Levi Donley had never felt more alone. Surrounded by people beneath a sodden sky, he wished he was anywhere on earth but here in Calypso, Oklahoma.

His brother was dead. All because of Choctaw Creek, a stream that flowed right through the center of town, calm and harmless. Most of the time.

Yet every few years, spring rains brought deluges, and water fell in sheets to fill the creek and swamp streets. Flash floods. Dangerous. Deadly.

Everybody in the whole county knew about Choctaw Creek. The trouble was, most never believed the flooding would be quite as bad as it was. During every downpour, impatient Okies braved the standing water, confident their vehicles, particularly the pickup trucks, could ford the stream unharmed.

But not everyone made it.

And the results were tragic.

Levi shifted from his bad leg to his worse leg, Stetson crushed tight against a chest threatening to explode with grief. Scott. His only sibling. Swept away by the current. Lost. Drowned. Along with the wife Levi hadn’t known existed.

He still couldn’t believe the news. His brain simply would not make the connection. Scott was strong and smart, a rancher who understood the whims of nature. How could this have happened to him?

Levi closed his eyes for a moment. When he opened them, he was still here, in Calypso Cemetery. He stood a few feet from the green awning that sheltered funeral attendees he should recognize but didn’t quite. He’d been gone too long. Better to stay out of the way. Talking might cause a firestorm of sorrow to spew forth and embarrass them all.

The preacher, a bright-faced brick of a man somewhere around Levi’s age of thirty-two, read the Twenty-Third psalm. Levi had a vague memory of learning the Scripture as a kid in Vacation Bible School. Thanks to Great Aunt Ruby, he and Scott had attended VBS and every other summer activity in town. He never minded. Anything to escape their dad for a few hours.

As the preacher bowed his head to pray, Levi shifted back to his bad leg.

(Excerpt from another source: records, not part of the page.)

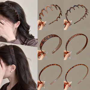 复古豹纹磨砂发箍女士2025新款高级感防滑高颅顶洗脸头箍发卡发饰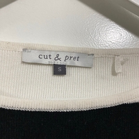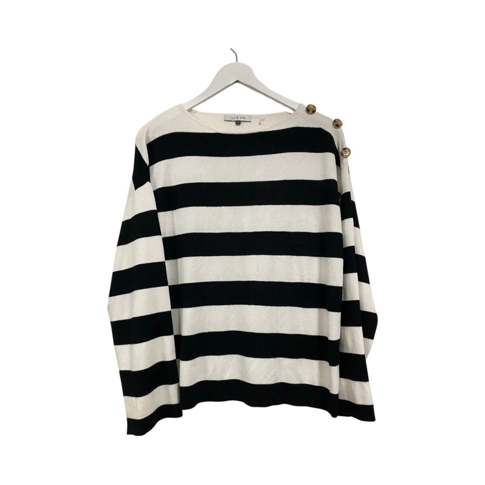 Klassikko mustavalkoinen pitkähihainen neulepusero/neulepaita, Stockmannin merkki Cut & Pret. Materiaalilappu ei löytyy, mutta kangas on tosi pehmeä, ihan joustava ja mukava.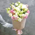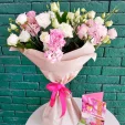 Уменьшенный:  эустома розовая - 3 шт., эустома белая - 4 шт., декоративная зелень, упаковка крафт, лента розовая.
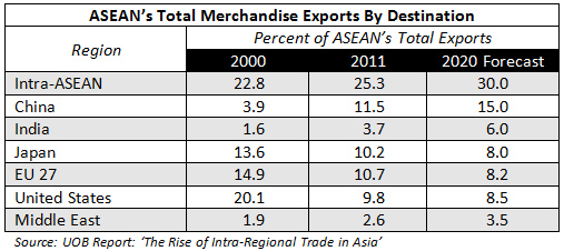 The establishment of free trade across ASEAN by 2015 is a major factor underpinning this evolution of higher intra-regional trade. We have written about these issues and the impact they will have on China and throughout Asia in our recent piece “China to Join RCEP Creating Massive Free Trade Area.” Although the free flow of most trade goods can be expected, there may still be some resistance to banking and telecommunications, although within ASEAN and its other trade partners such as China and India, talks are underway to find common ground. The statistics presented below are likely to resonate beyond 2020, however, as by that time the ASEAN member state Indonesia is expected to become one of the world’s top 10 largest economies, when its GDP alone is expected to reach US$3 trillion.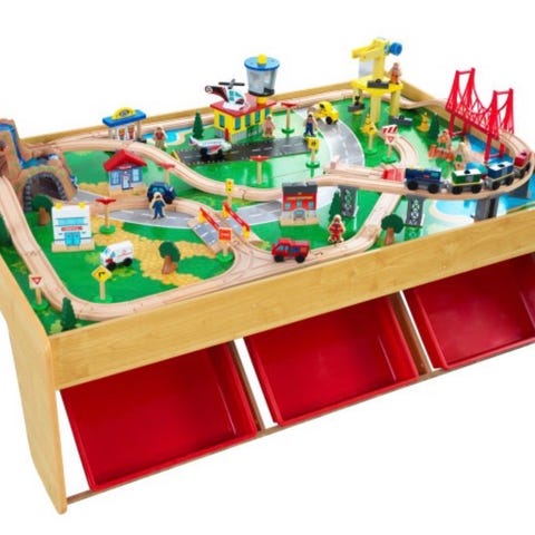 Lek/aktivitetsbord med kulbana och tågräls. Tre tåg medföljer samt kartong. Är köpt ny och endast använt av ett barn och därmed i mycket gott skick. Väldigt uppskattat av barnet.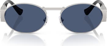 Signature Medusa-head logos stare out from the temples of chic Italian-made sunglasses in an oval silhouette with UV-protective lenses.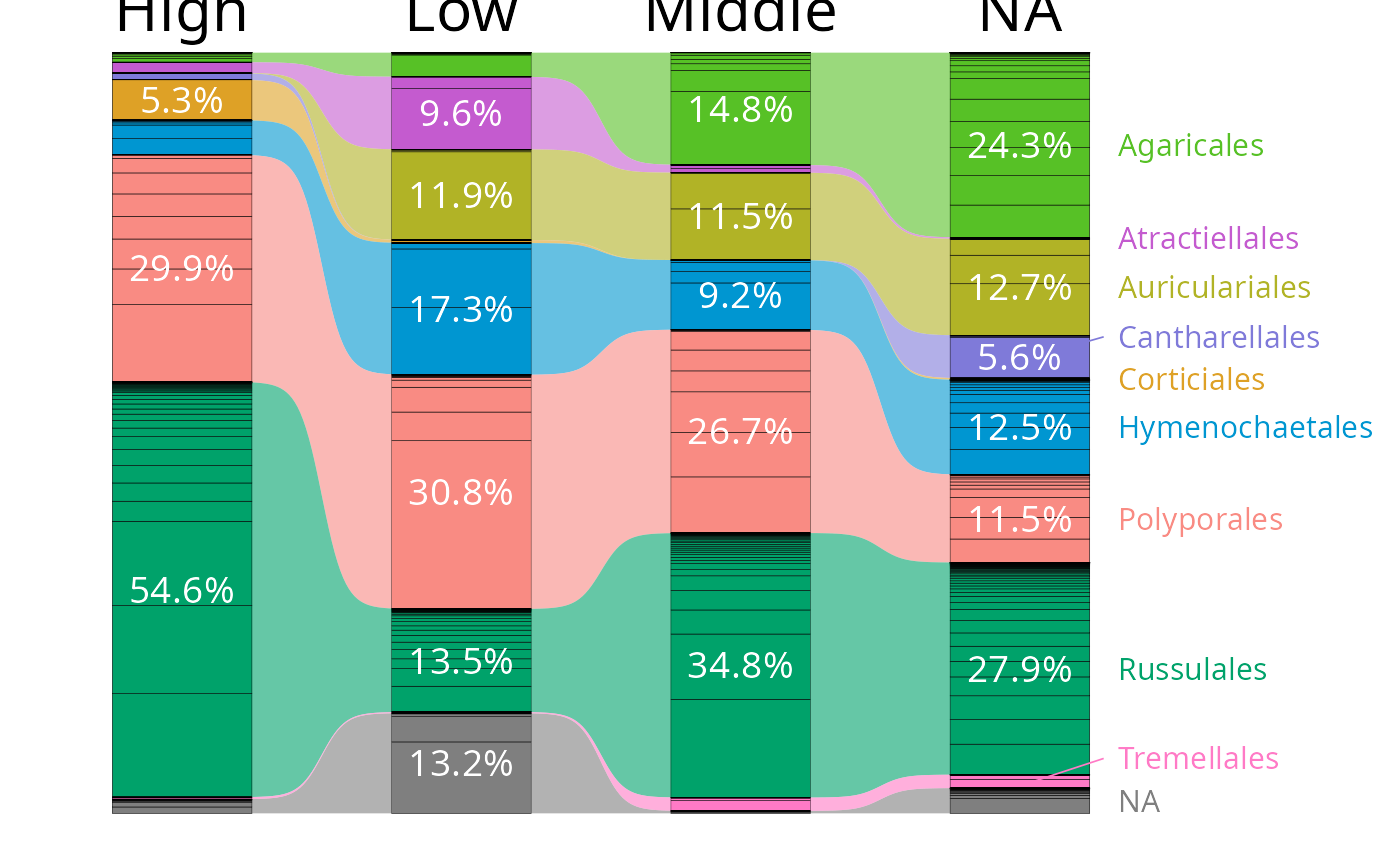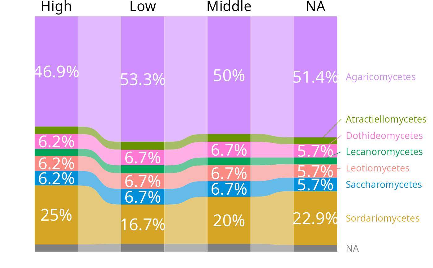 factis not "Sample", add curved ribbons connecting matching taxa between adjacent bars. Only meaningful whenfacthas more than one level.- ribbon_alpha

The worse leg was screaming loud enough to make him cry.

He hadn’t seen Aunt Ruby in years. Was she still alive?

Or was she, like Scott, gone forever? Another regret he’d have to live with?

The service ended, so the mourners—and there were many in this small town—wandered off to their cars, feet squishing on the still moist earth of Calypso Cemetery. Levi stayed behind to watch as his brother and sister-in-law were lowered into the yawning wet earth. Both of them. Gone.

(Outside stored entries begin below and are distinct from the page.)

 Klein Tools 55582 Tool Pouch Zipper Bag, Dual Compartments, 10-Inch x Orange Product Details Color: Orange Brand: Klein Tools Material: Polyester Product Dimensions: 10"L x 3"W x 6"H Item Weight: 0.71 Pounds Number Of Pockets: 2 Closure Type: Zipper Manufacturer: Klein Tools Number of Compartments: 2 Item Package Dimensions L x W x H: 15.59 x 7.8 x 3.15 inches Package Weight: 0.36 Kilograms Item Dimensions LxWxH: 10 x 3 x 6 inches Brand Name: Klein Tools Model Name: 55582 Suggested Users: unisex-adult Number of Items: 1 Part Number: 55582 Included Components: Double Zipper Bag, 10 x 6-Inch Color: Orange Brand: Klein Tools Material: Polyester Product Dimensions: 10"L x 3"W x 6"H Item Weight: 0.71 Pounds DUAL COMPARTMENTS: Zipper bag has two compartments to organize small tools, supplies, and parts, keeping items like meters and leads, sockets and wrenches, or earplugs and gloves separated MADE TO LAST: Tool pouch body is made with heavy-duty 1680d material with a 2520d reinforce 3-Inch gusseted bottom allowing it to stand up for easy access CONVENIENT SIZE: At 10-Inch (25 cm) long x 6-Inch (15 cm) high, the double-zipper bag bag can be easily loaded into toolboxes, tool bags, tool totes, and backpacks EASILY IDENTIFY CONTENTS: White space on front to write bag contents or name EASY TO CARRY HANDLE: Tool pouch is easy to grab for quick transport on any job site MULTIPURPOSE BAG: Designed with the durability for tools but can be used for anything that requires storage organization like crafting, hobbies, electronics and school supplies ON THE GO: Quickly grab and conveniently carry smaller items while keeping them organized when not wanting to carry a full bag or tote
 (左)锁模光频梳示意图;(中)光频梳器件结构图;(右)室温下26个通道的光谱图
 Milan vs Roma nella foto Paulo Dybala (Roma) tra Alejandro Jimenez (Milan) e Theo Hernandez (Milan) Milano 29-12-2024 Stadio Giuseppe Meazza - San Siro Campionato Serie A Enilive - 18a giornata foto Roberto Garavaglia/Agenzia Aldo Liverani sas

To make him feel worse, he’d arrived late, missing the church service because his truck broke down on the long drive from Tucson. He’d been stuck somewhere outside of Odessa without a mechanic or a parts store anywhere for miles.

Flying would have been faster, but there was the matter of his horse, his truck, and his trailer. And there was the stronger fact that he’d rather be stomped by a bull than risk his life in an airplane.

Today, he regretted this particular phobia, which was more stubbornness than fear. He could have left the horse and truck in Tucson with a buddy and returned for them after the services. But he’d never expected the alternator to go bad in a two-year-old truck. Nor to be stuck on the flats of Texas waiting for the part to arrive from Dallas.

He clutched the crown of his hat. The felt gave beneath the pressure.

Levi wasn’t the crying sort, but as his brother’s bronze casket disappeared behind the mound of Oklahoma red dirt, his eyes burned so badly he slid on a pair of sunglasses he’d picked up at a truck stop near Las Cruces. The tears were stuck down there, choking him. He wouldn’t let them have their way. He was a man, a cowboy, tough as bull hide.

Scott. Oh, Scott. I should have been here. I should have called you. I should have

Everything inside him threatened to seize up, a volcano of remorse and anguish.

Fighting the panic, Levi panned the cemetery for a distraction. His gaze stuttered to a halt at the sight of an older couple in conversation with a familiar woman. Black hair. Same size. Couldn’t be Emily though. This woman’s hair was short, full, behind-the-ears professional. Emily had favored long, straight hair that accented her pale skin and olive cat-eyes. Still, something in the way the woman moved her hands when she talked reminded him of that one time long ago when he might have chosen a different path.

Regrets stung. Every last one of them. And he had plenty.

He watched as the woman with the shining black hair squeezed the older man’s arm before walking, head down, toward the parked cars. Her spiky heels stabbed divots into the wet ground.

A strange yearning swirled with the grief.

She wasn’t Emily. Couldn’t be. Emily wouldn’t come near anyone named Donley, even for a funeral.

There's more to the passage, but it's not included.